— HOW TO COMPLETE THIS TASK —
Every entry that follows should be output exactly, and every image in it left out.

— DATA —

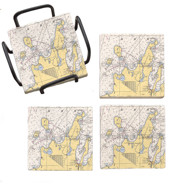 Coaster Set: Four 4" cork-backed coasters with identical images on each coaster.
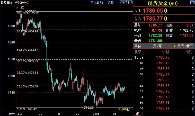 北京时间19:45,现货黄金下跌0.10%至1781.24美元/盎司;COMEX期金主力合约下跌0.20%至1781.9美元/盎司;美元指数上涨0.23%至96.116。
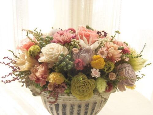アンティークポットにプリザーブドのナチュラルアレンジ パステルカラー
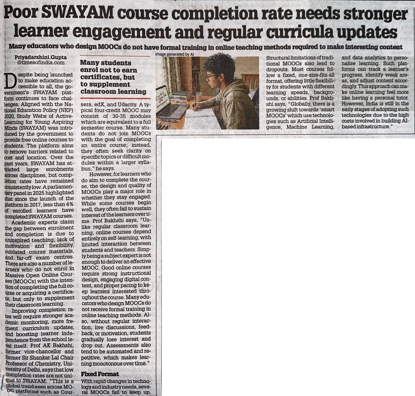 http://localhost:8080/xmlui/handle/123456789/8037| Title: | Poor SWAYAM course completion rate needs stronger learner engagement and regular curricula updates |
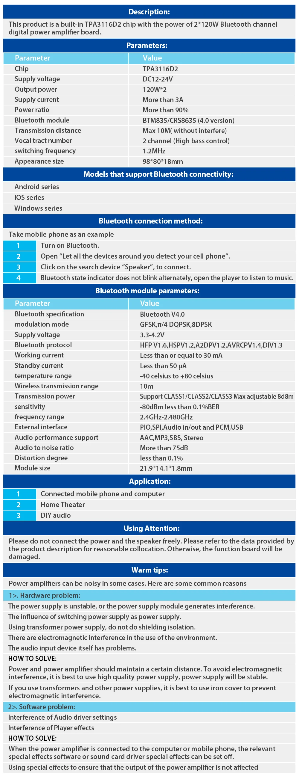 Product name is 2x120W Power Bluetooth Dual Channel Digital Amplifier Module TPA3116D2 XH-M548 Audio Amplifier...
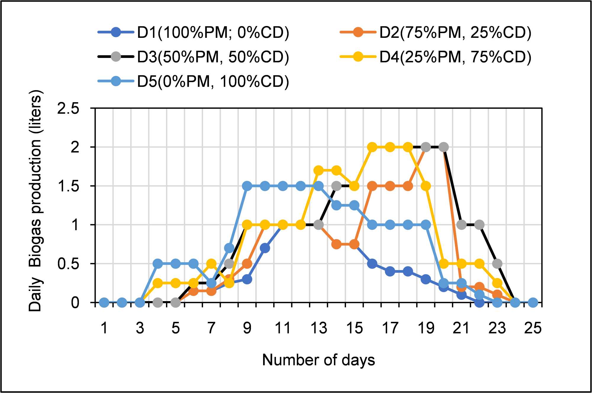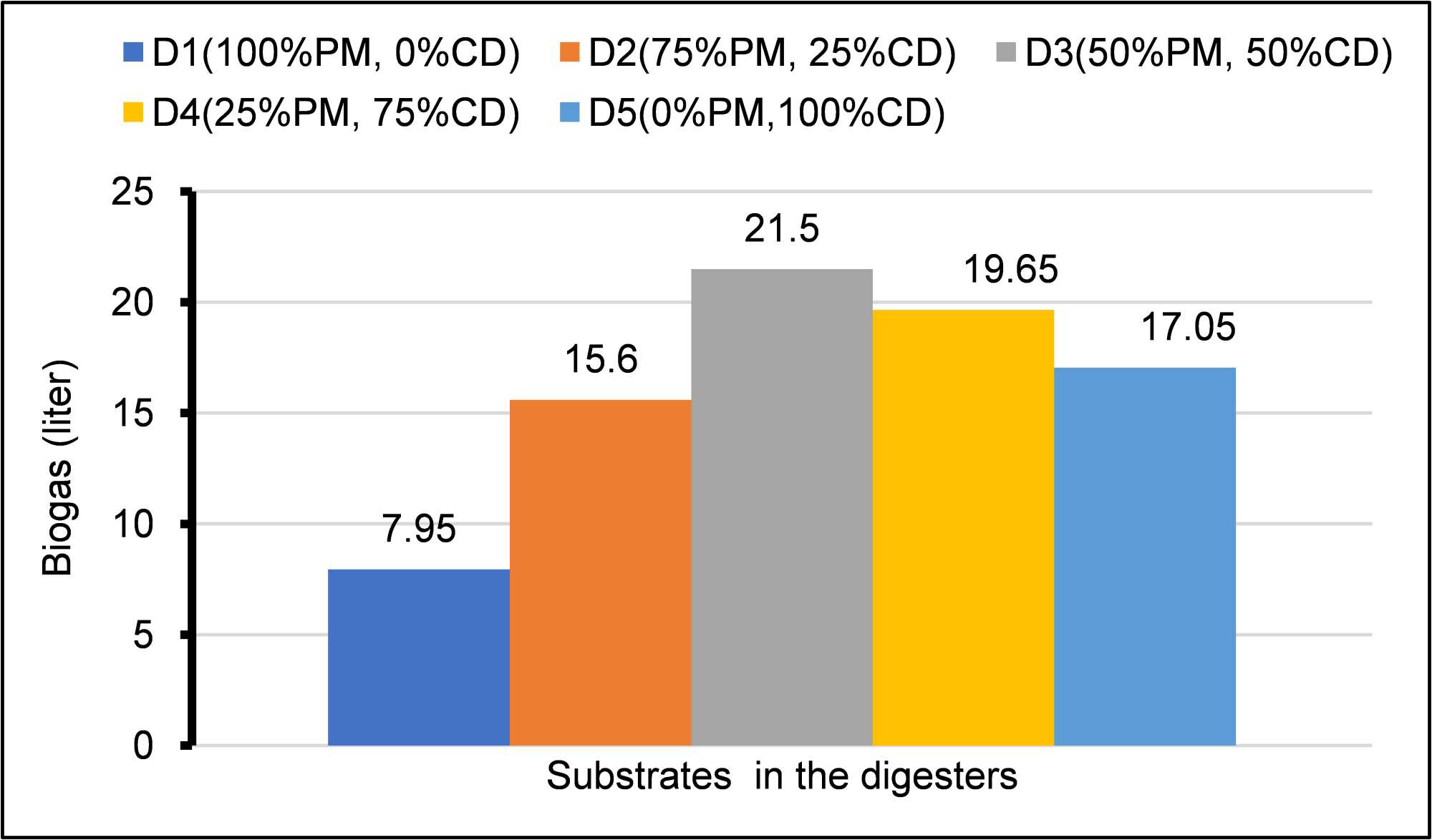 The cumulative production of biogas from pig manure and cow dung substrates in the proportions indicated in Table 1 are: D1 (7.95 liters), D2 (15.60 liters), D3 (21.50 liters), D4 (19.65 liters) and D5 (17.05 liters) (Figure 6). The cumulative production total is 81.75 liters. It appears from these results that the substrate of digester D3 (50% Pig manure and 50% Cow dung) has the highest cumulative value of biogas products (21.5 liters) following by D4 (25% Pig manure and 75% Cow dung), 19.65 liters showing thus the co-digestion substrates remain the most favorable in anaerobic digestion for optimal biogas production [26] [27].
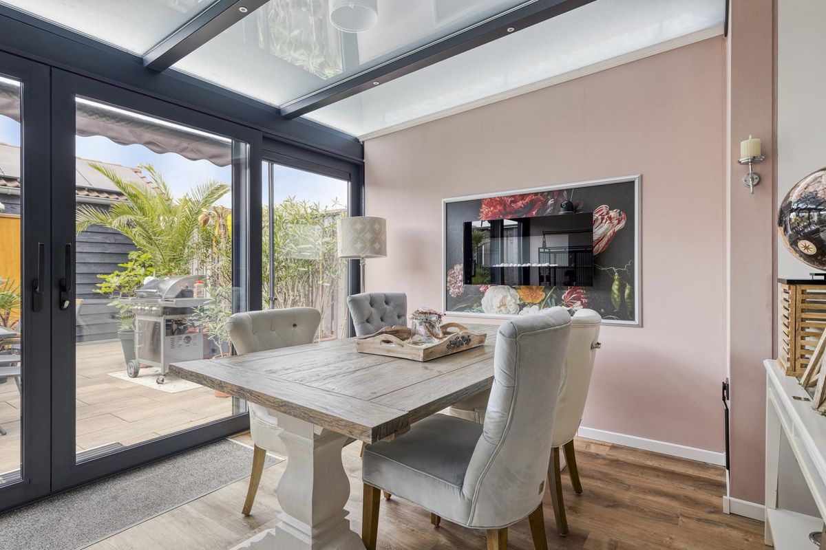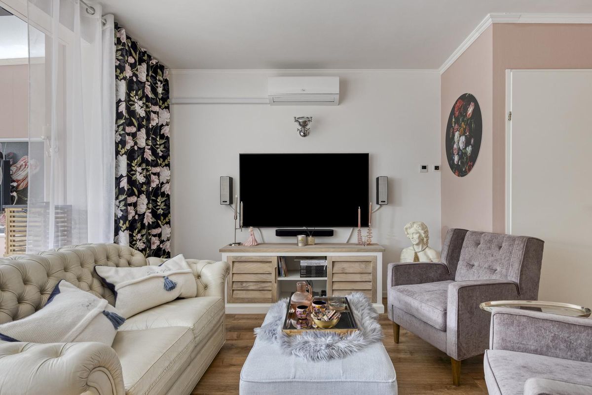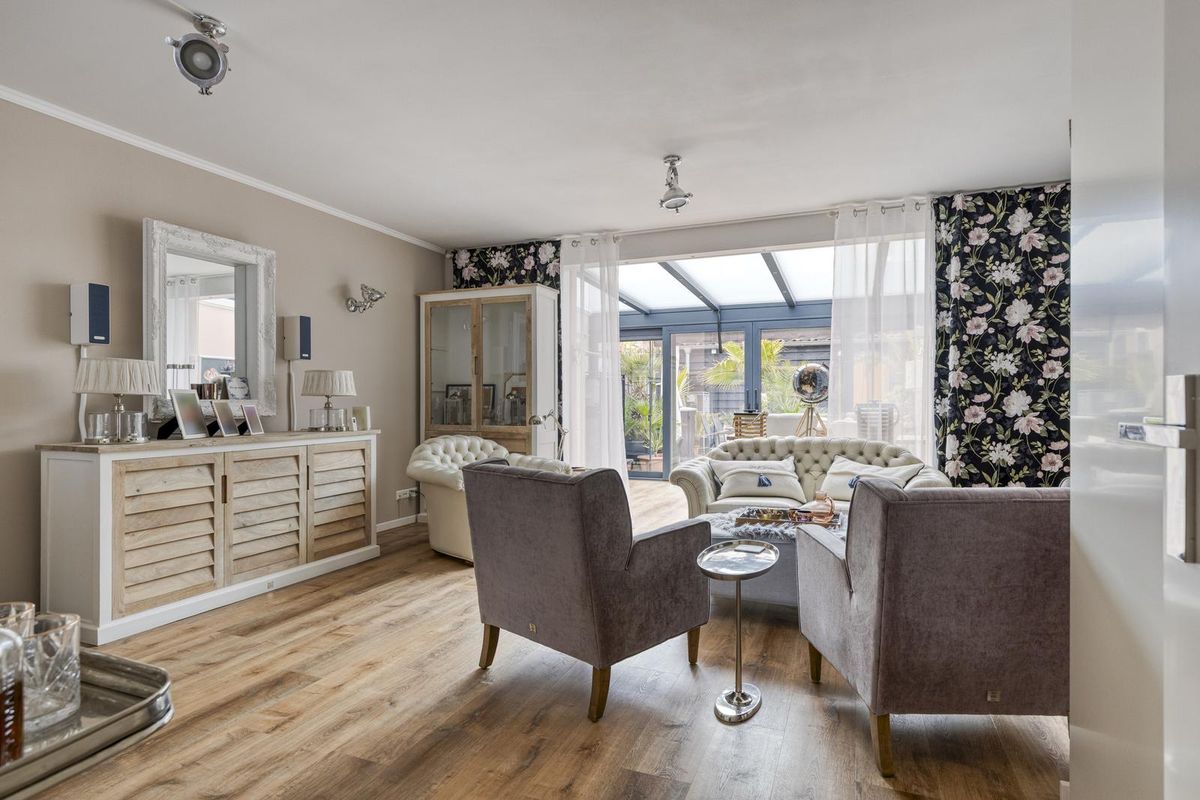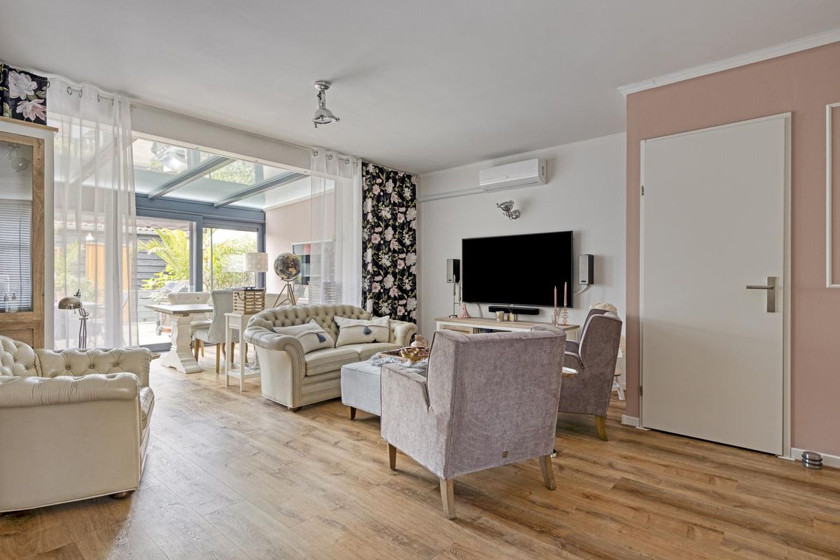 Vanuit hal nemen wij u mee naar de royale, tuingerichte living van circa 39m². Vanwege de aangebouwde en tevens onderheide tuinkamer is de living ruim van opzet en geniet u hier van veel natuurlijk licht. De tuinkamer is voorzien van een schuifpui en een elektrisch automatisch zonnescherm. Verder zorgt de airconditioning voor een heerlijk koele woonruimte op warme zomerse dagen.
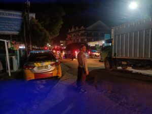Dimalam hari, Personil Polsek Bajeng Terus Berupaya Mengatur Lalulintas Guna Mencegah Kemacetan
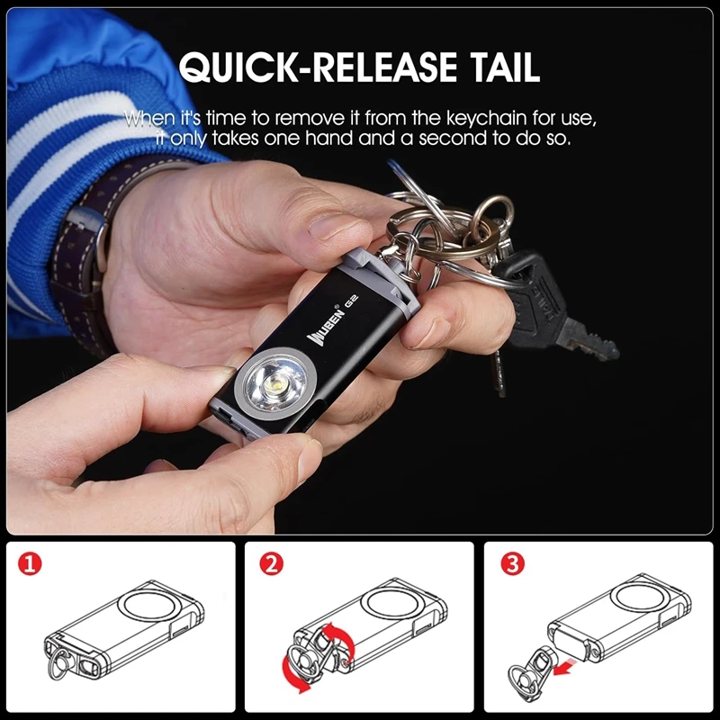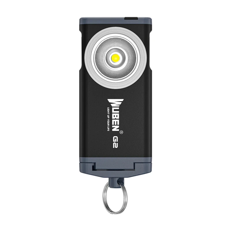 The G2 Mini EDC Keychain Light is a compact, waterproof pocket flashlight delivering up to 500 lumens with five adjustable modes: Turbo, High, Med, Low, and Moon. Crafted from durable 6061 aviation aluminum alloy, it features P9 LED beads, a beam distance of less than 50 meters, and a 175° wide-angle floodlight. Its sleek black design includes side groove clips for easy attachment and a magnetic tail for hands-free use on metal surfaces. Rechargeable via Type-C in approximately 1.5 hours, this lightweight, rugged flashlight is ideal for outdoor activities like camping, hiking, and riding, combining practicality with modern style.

— WRITTEN RESPONSE —
 Coaster Set: Four 4" cork-backed coasters with identical images on each coaster.
 北京时间19:45,现货黄金下跌0.10%至1781.24美元/盎司;COMEX期金主力合约下跌0.20%至1781.9美元/盎司;美元指数上涨0.23%至96.116。
アンティークポットにプリザーブドのナチュラルアレンジ パステルカラー
 http://localhost:8080/xmlui/handle/123456789/8037| Title: | Poor SWAYAM course completion rate needs stronger learner engagement and regular curricula updates |
 Product name is 2x120W Power Bluetooth Dual Channel Digital Amplifier Module TPA3116D2 XH-M548 Audio Amplifier...
 The cumulative production of biogas from pig manure and cow dung substrates in the proportions indicated in Table 1 are: D1 (7.95 liters), D2 (15.60 liters), D3 (21.50 liters), D4 (19.65 liters) and D5 (17.05 liters) (Figure 6). The cumulative production total is 81.75 liters. It appears from these results that the substrate of digester D3 (50% Pig manure and 50% Cow dung) has the highest cumulative value of biogas products (21.5 liters) following by D4 (25% Pig manure and 75% Cow dung), 19.65 liters showing thus the co-digestion substrates remain the most favorable in anaerobic digestion for optimal biogas production [26] [27].
 Vanuit hal nemen wij u mee naar de royale, tuingerichte living van circa 39m². Vanwege de aangebouwde en tevens onderheide tuinkamer is de living ruim van opzet en geniet u hier van veel natuurlijk licht. De tuinkamer is voorzien van een schuifpui en een elektrisch automatisch zonnescherm. Verder zorgt de airconditioning voor een heerlijk koele woonruimte op warme zomerse dagen.
Dimalam hari, Personil Polsek Bajeng Terus Berupaya Mengatur Lalulintas Guna Mencegah Kemacetan
 The G2 Mini EDC Keychain Light is a compact, waterproof pocket flashlight delivering up to 500 lumens with five adjustable modes: Turbo, High, Med, Low, and Moon. Crafted from durable 6061 aviation aluminum alloy, it features P9 LED beads, a beam distance of less than 50 meters, and a 175° wide-angle floodlight. Its sleek black design includes side groove clips for easy attachment and a magnetic tail for hands-free use on metal surfaces. Rechargeable via Type-C in approximately 1.5 hours, this lightweight, rugged flashlight is ideal for outdoor activities like camping, hiking, and riding, combining practicality with modern style.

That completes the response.